At Keurboomstrand, Bob and I rounded a corner to this spectacular view of the Keurbooms River. We finally had reached the boundary of the Western Cape and at long last, we broke free of the rainy weather.
Bob and I were intrigued by the growth habit of some fynbos such as these Sour Figs. They are a type of creeping succulent. One plant can grow to cover an area 65 feet in diameter.
The fruit of Sour Fig plants can be eaten fresh or cooked into a tart jam.
Another type of fynbos to catch our eye was the Silver Protea. This species of Sugarbush will grow into a large evergreen tree.
A softly textured shrub endemic to the Western Cape is Berzelia Abrotanoides, and swaths of it grew along the road.
The distinctive leaves of this Cape Fynbos are crowded densely on slender stems.
Berzelia abrotanoides also goes by the name Redlegs because of the swollen red stem that supports the clusters of fluffy flowerheads.
As we left the Tsitsikamma Mountains behind, the peaks of the distant Outeniqua Mountains rose before us on the horizon.
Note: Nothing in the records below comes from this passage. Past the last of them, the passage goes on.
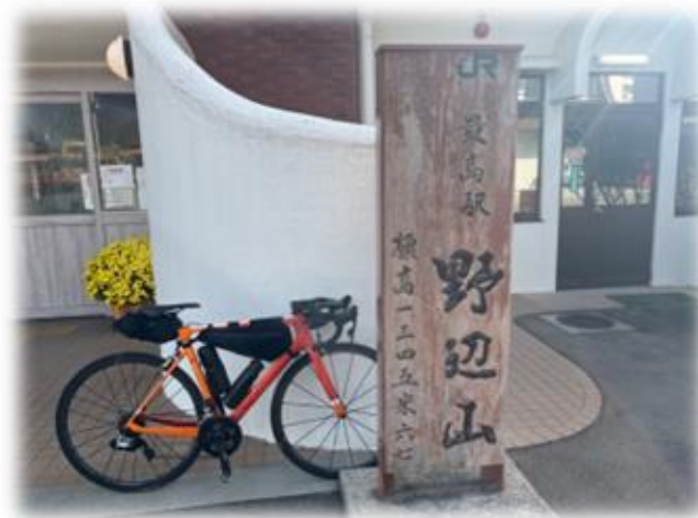
549.3キロ地点：野辺山駅
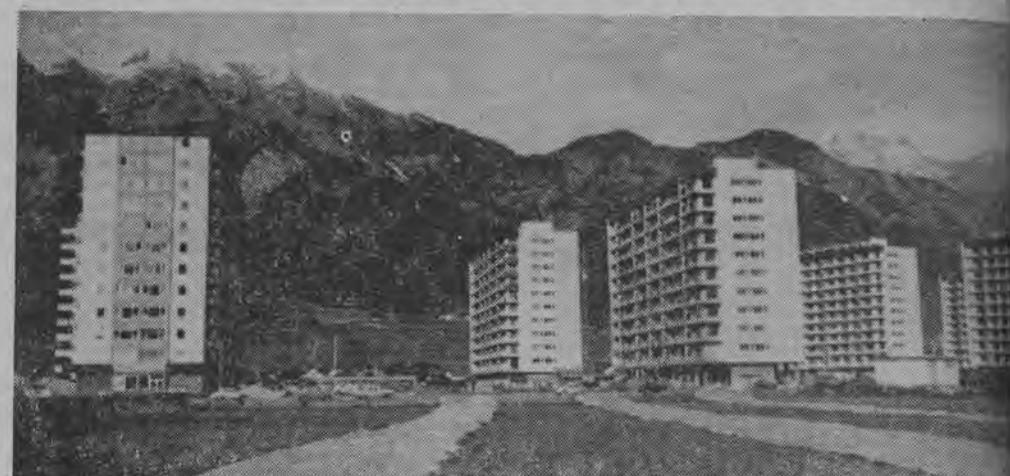
W tych wieżowcach, stanowiących wioskę olimpijską, zamieszkażą uczestnicy zbliżających się zimowych Igrzysk Olimpijskich w Innsbrucku.
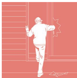
外出・在宅時の防犯
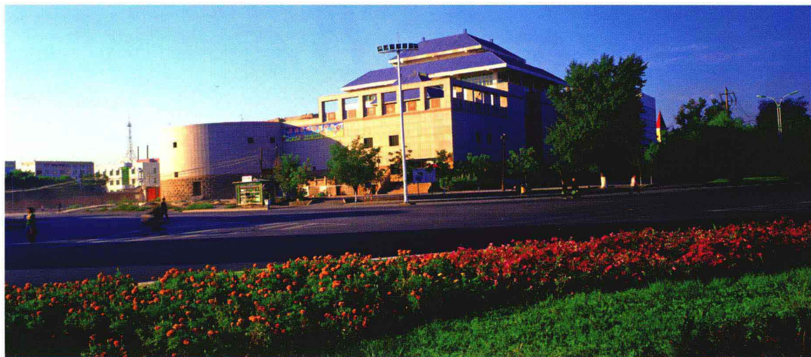
昌吉回族自治州博物馆
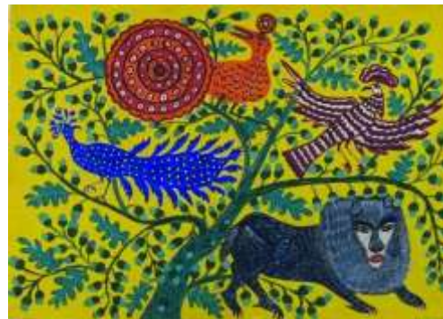
Звірі в гостях у лева. 1965
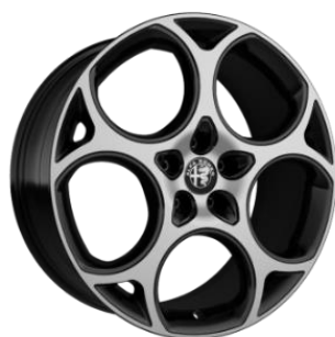
1MJ R19 standard Veloce optional Sprint
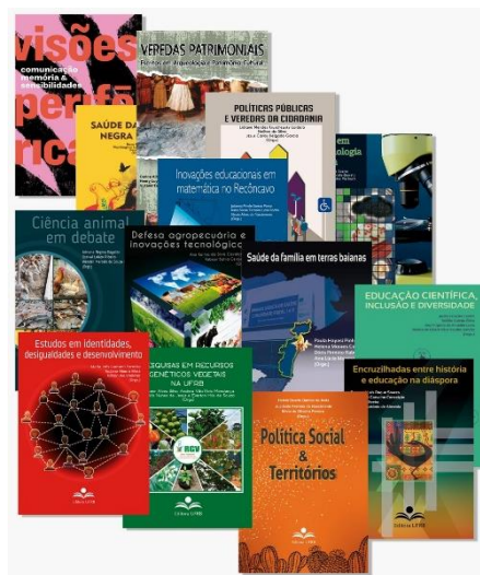
Figura 2- Capas da Coleção Pesquisas e Inovações Tecnológicas na Pós-Graduação da UFRB.
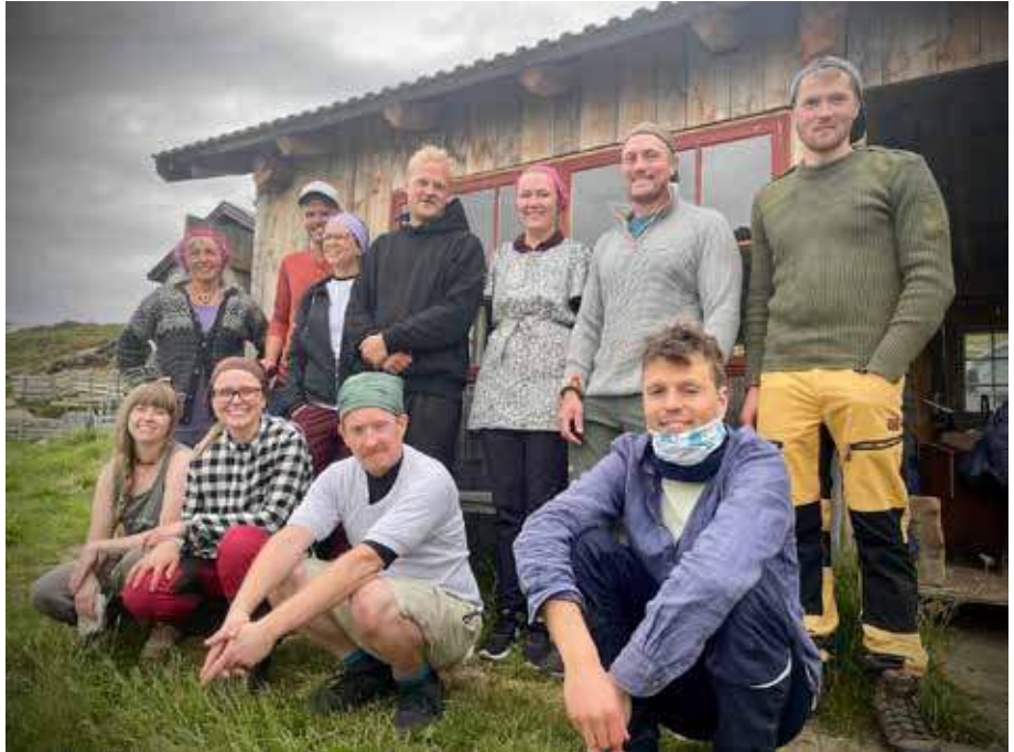
Her er hele gruppa på stølskurset.

bort på en slik helg er hvordan man tar vare på naturen ved å benytte alle dens ressurser på en bærekraftig måte.
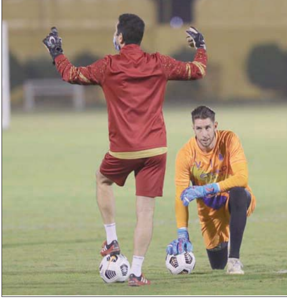
تدريبات النصر شهدت تركيزاً على الحارس الأسترالي (نادي النصر)

بأنه شارك في نهائيات كأس العالم الأخيرة التي جرت بروسيا عام 2018، كما تولى إدارة 38 مباراة ببطولة دوري أبطال أوروبا منذ عام 2014 منها تسعة لقاءات في الأدوار النهائية. وأشاد
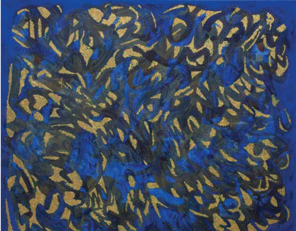
VUELO DE INSECTOS Técnica mixta • 130 x 160 cm
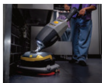
Iluminación de trabajo
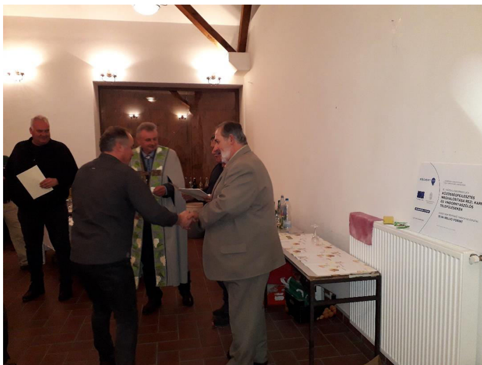
Oklevelek és érmek kiosztása
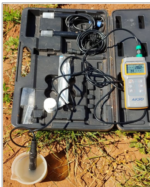
Autor: AMAE/RIO VERDE Descrição: Medição de Oxigênio Dissolvido (OD) da amostra coletada a JUSANTE da contribuição de Esgoto Sanitário.
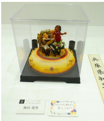
(デコレーションケーキの部)
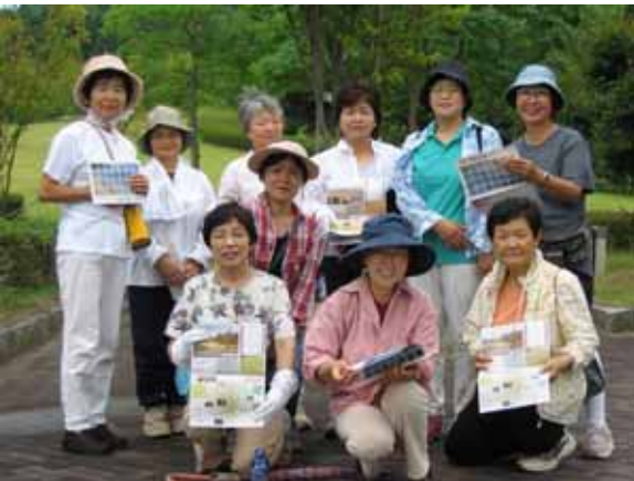
京丹後市連合婦人会の皆様

五感を開放し、心も体もリフレッシュできるウォーキング 皆さんも ぜひチャレンジを!!
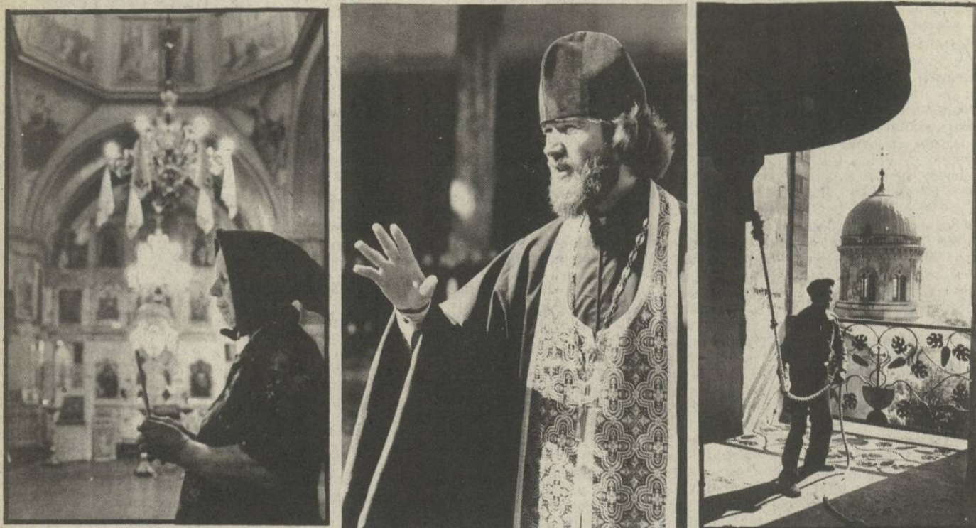
Трудно поверить в то, что по берегам Днестра еще сто лет назад рос строевой лес: сегодня здесь увидишь разве что обрубившиеся перевальские знаки да ржавые скелеты бар.

Трудно поверить в то, что в Молдавии когда-то было больше тысяч православных церквей, два десятка монастырей и скитов. «Церкви — на
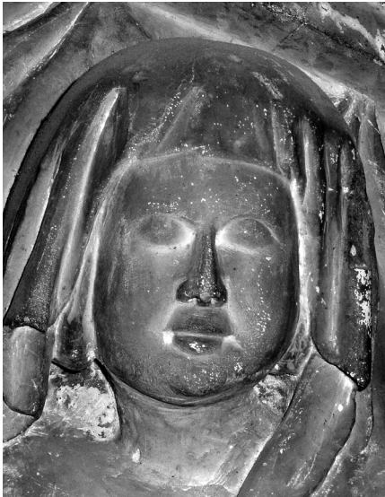
Pavao Vanucijev iz Sulmone, Reljef sv. Ane s malom Bogorodicom (detalj).

Sličnosti se očituju u cjelokupnoj formi lica, naglašenom volumenu marame, načinu na koji su oči i usne »utopljene« u plohu lica, te gotovo identično realiziranim lukovima obrva i načinu na koji se na njih nastavlja volumen nosa, te osobito tretmanu obraza, koji je i inače izrazito karakterističan za gotovo sve likove Pavla iz Sulmone, a u ovom slučaju praktički identičan.
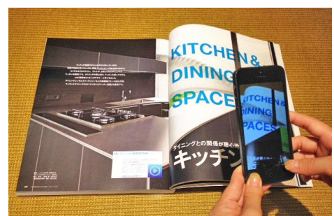
<スキャンイメージ>

※メニューで「カタログ」をタップすると、建築家 5 組分の動画のサムネイルが表示されます。見たい動画のサムネイルをタップすると、自動的に再生されます。
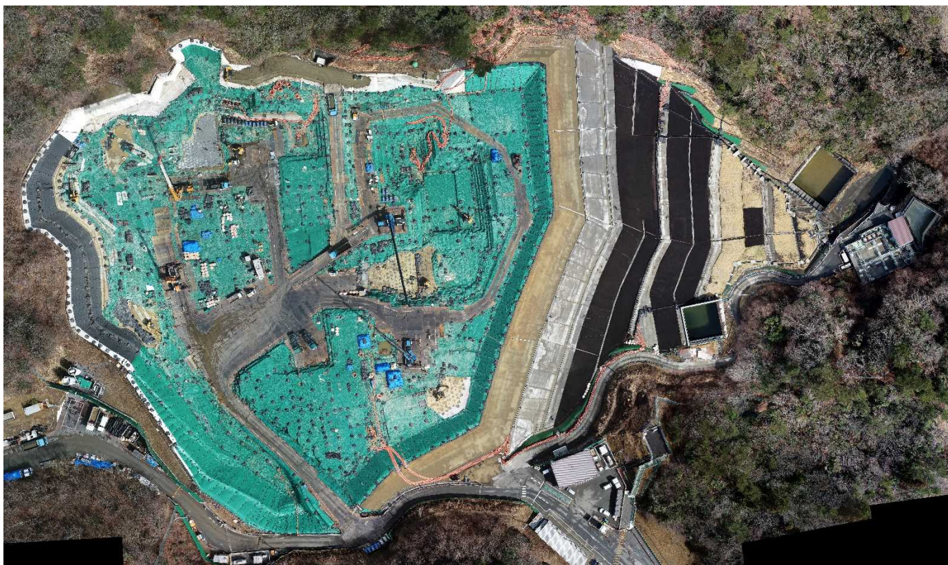
特定廃棄物埋立処分施設（2022年3月15日撮影）
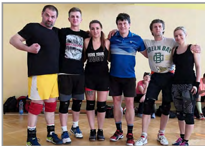
Tým Březnice - 7. místo

Komise RM pro mládež, tělovýchovu a sport pod záštitou města Březnice ve spolupráci s místními organizacemi pořádají
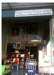
ภาพที่ 41 สถานที่พักอาศัยปัจจุบันของครูชาติรี อบนวลและเป็นที่ตั้งชมรมดนตรีไทย “ศิลปวัฒนธรรม” (บันทึกภาพเมื่อวันที่ 15 พฤศจิกายน 2555)

ครูชาติรี อบนวล เริ่มเรียนดนตรีไทยเมื่ออายุ 10 ปี กับครูสกล แก้วเพ็ญภาค โดยมีครูกัญญา โรหิตาจล ผู้ซึ่งเป็นพี่สาวเรียนอยู่ก่อนแล้ว เรียนฆ้องวงใหญ่เป็นเครื่องดนตรีชนิดแรก ต่อเพลงสาธุการ โหมโรงเช้า โหมโรงเย็น เพลงเรื่องต่างๆ เพลงเถาต่างๆ เพลงโหมโรงกลางวัน เพลงหน้าพาทย์ อายุ 13 ปี เริ่มเรียนระนาดเอก ฝึกการแปรทำนอง ศึกษาเพลงประกอบโขน ละคร โดยที่ได้รับการผลักดันและสนับสนุนจากครูสกล แก้วเพ็ญภาค เรื่อยมา ทั้งนี้เมื่อมีความชำนาญทางระนาดเอกพอสมควรแล้ว ครูชาติรีจึงได้ศึกษาเครื่องดนตรีไทยชนิดอื่น กล่าวคือ ฆ้องวงเล็ก และ ระนาดทุ้ม นั่นเอง โดยได้ต่อเพลงเดี่ยวเพิ่มเติม ส่วนใหญ่ในการประชันครูชาติรีจะรับหน้าที่บรรเลง ฆ้องวงเล็ก พ.ศ. 2521 ครูชาติรี อบนวล เข้ารับราชการวงดนตรีไทยเทศบาล กรุงเทพมหานคร (กองการสังคีต สำนักวัฒนธรรม กีฬา และการท่องเที่ยว กรุงเทพมหานคร ในปัจจุบัน) ได้มีโอกาสเรียนดนตรีกับครูบุญยงค์ เกตุคง ครูบุญยัง เกตุคง ครูช่อ อากาศโปร่ง และครูพินิจ ฉายสุวรรณ ปัจจุบันเป็นข้าราชการบำนาญ ถ่ายทอดความรู้ด้านดนตรีไทยแก่เยาวชนย่านบางกรวยและนิสิต นักศึกษา สถาบันต่างๆ

Before we knew it, we had arrived at our accommodation in Mossel Bay. It was with great pleasure that we took up residence there for a couple of days.
It was so relaxing to walk up the beach and then enjoy an ocean view while having dinner at a local cafe.
As we toasted ourselves on another great day in South Africa, a blazing sunset lit the sky for our pleasure.